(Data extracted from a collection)
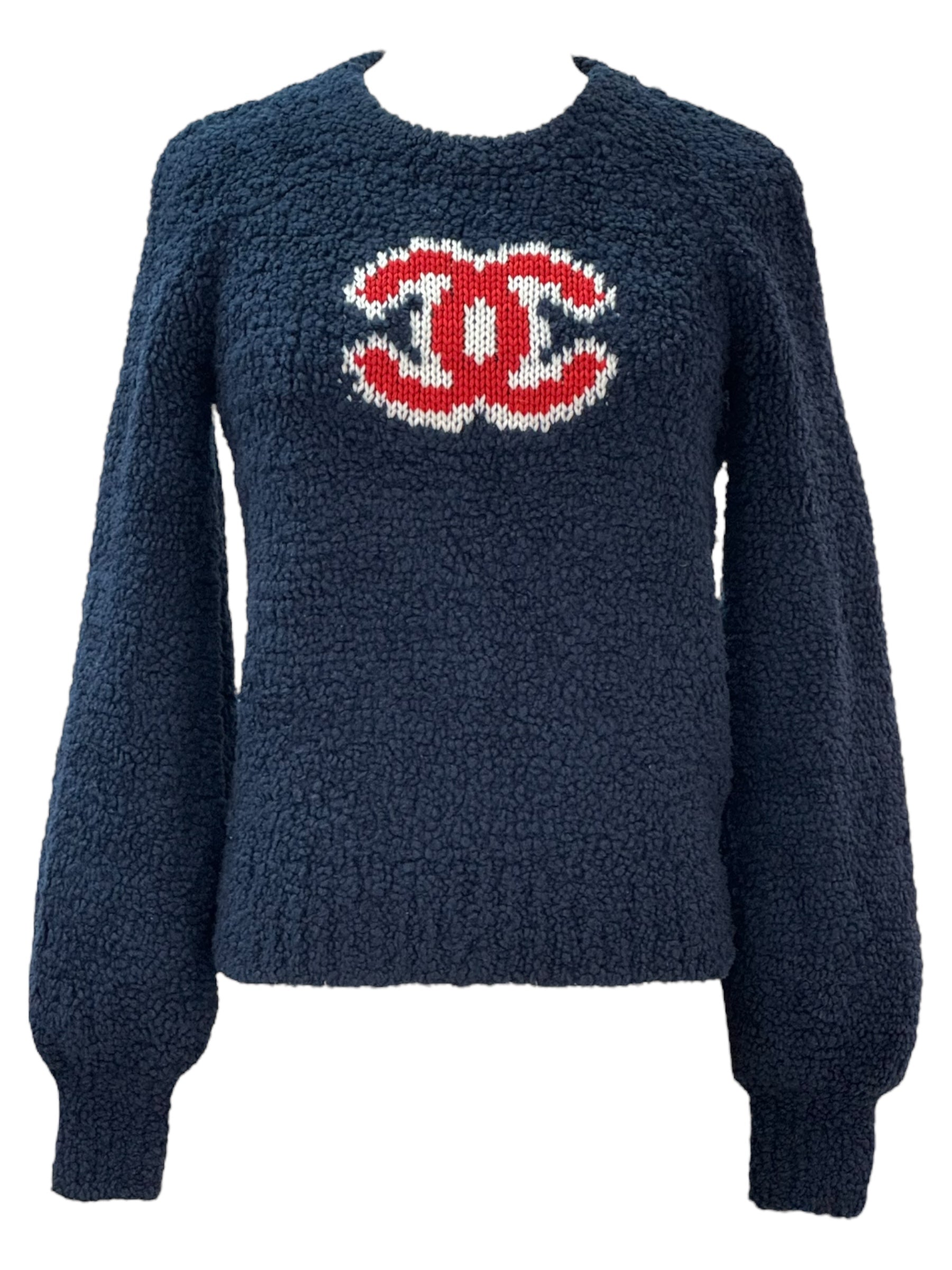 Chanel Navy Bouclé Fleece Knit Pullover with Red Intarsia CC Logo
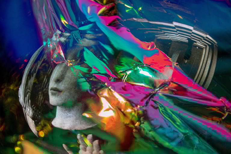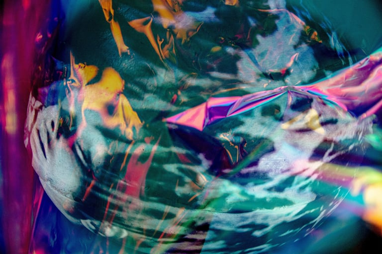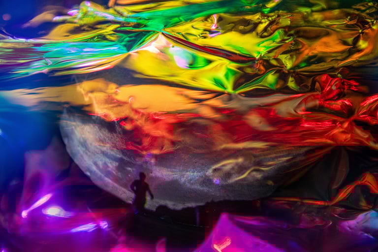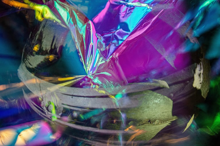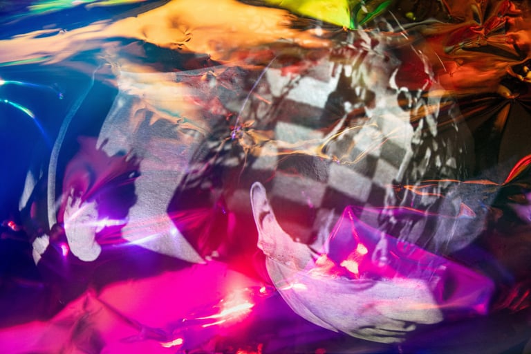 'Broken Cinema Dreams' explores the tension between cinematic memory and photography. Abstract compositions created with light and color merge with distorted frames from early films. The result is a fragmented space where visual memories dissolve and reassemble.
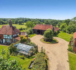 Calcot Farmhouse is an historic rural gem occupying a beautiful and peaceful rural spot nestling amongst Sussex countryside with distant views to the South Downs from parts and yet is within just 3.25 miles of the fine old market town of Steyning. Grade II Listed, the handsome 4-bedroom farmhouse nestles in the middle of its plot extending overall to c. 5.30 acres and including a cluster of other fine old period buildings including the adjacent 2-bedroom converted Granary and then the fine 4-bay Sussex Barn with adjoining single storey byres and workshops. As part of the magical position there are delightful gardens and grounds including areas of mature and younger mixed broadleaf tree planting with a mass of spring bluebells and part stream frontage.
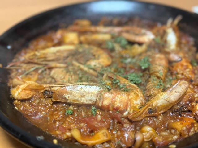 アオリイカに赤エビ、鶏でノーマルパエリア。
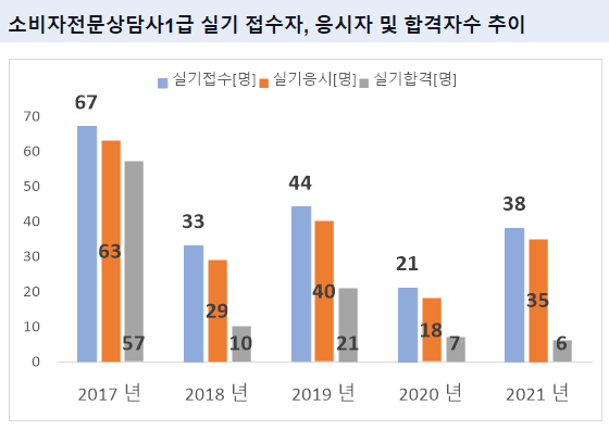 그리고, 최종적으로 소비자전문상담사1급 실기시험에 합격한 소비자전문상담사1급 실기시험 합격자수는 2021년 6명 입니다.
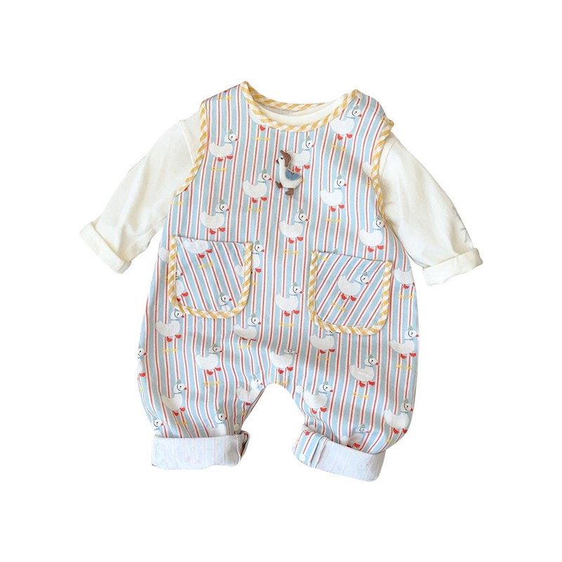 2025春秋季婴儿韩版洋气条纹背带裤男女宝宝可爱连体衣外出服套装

_Work to complete_: Your task is to transcribe exactly the lines from the one containing "Calcot Farmhouse is" through the final line of the entries above, pictures excluded.

_Reply to the exercise_:
 Calcot Farmhouse is an historic rural gem occupying a beautiful and peaceful rural spot nestling amongst Sussex countryside with distant views to the South Downs from parts and yet is within just 3.25 miles of the fine old market town of Steyning. Grade II Listed, the handsome 4-bedroom farmhouse nestles in the middle of its plot extending overall to c. 5.30 acres and including a cluster of other fine old period buildings including the adjacent 2-bedroom converted Granary and then the fine 4-bay Sussex Barn with adjoining single storey byres and workshops. As part of the magical position there are delightful gardens and grounds including areas of mature and younger mixed broadleaf tree planting with a mass of spring bluebells and part stream frontage.
 アオリイカに赤エビ、鶏でノーマルパエリア。
 그리고, 최종적으로 소비자전문상담사1급 실기시험에 합격한 소비자전문상담사1급 실기시험 합격자수는 2021년 6명 입니다.
 2025春秋季婴儿韩版洋气条纹背带裤男女宝宝可爱连体衣外出服套装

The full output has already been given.